Ces objectifs suscitent toutefois des inquiétudes au sein des organisations syndicales et des collectivités, qui craignent une scission du groupe. Dans ces conditions, que deviendront les cahiers des charges de concession que les collectivités locales ont signés avec ENEDIS ? Comment sera assurée la gestion de leurs réseaux de distribution, leur sécurisation, leur déploiement et leur réparation si les nouveaux actionnaires ont des objectifs de rentabilité́ ?

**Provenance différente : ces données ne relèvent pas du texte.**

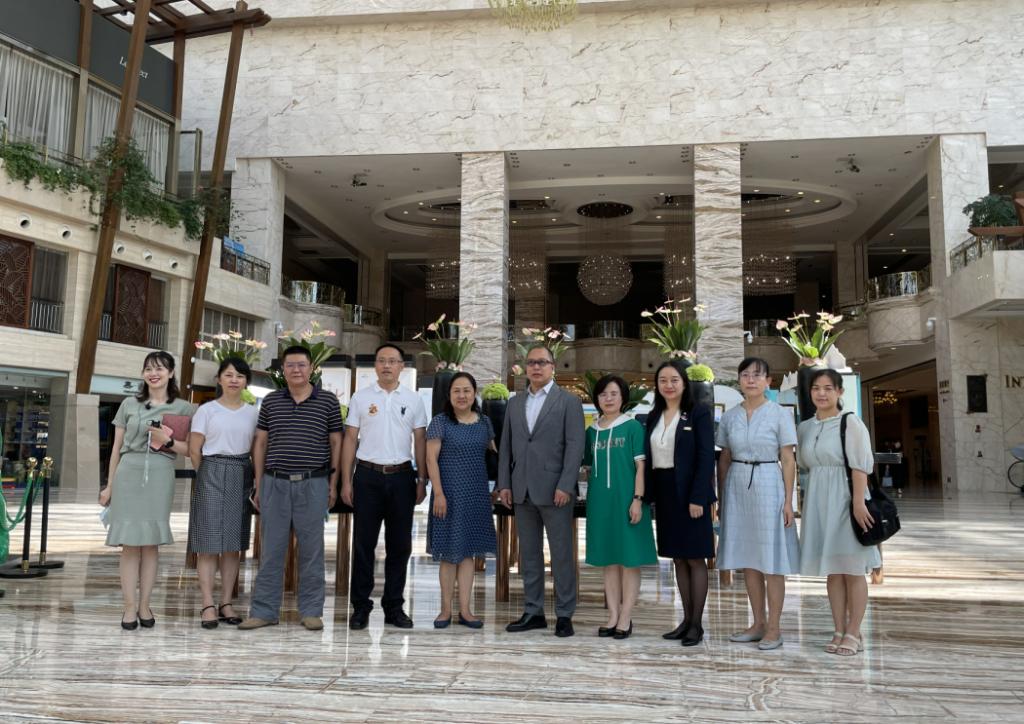 2021年7月28日上午,为进一步校企合作,探索双元育人,学校党委书记张华带队赴洲际酒店集团走访调研,副院长钟用、会计学院、工商管理学院、对外合作处陪同参加了本次走访调研活动。活动在洲际酒店旗下环球中心天堂洲际大饭店举行,洲际酒店集团西区财务总监姜山、环球中心天堂洲际大饭店财务及业务支持总监夏欢、人力资源总监林鹏热忱接待了调研组。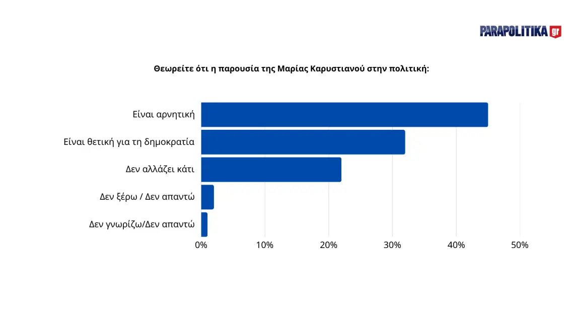 Σχετικά με την αξιολόγηση της παρουσίας της Μαρίας Καρυστιανού στην πολιτική, οι απόψεις είναι διχασμένες. Το 45% θεωρεί την παρουσία της αρνητική, ενώ το 33% τη θεωρεί θετική για τη δημοκρατία. Το 21% πιστεύει ότι δεν αλλάζει κάτι, ενώ μικρά ποσοστά (3-2%) δεν ξέρουν ή δεν απαντούν. Η διάσταση αυτή αντικατοπτρίζει τη βαθύτερη πόλωση που χαρακτηρίζει την ελληνική κοινωνία σχετικά με τον ρόλο νέων προσώπων στην πολιτική σκηνή.

La possible remise en cause de l’égalité́ de desserte et de la péréquation tarifaire fait l’objet de toutes les vigilances, car elle aurait pour conséquence de créer de nouvelles fractures au sein de nos territoires à l’heure où la crise économique engendrée par la covid-19 nécessite davantage de solidarité́. Rassurez-nous, madame la ministre !

Mme Marie-Noëlle Battistel. Si l’urgence climatique et la nécessité de transition énergétique l’emportent, n’est-il pas temps de privilégier le retour à l’intérêt général, à la défense des biens communs et à l’intervention publique, plutôt que d’attendre des marchés qu’ils répondent à ces impératifs s’agissant d’un bien de première nécessité comme l’électricité ?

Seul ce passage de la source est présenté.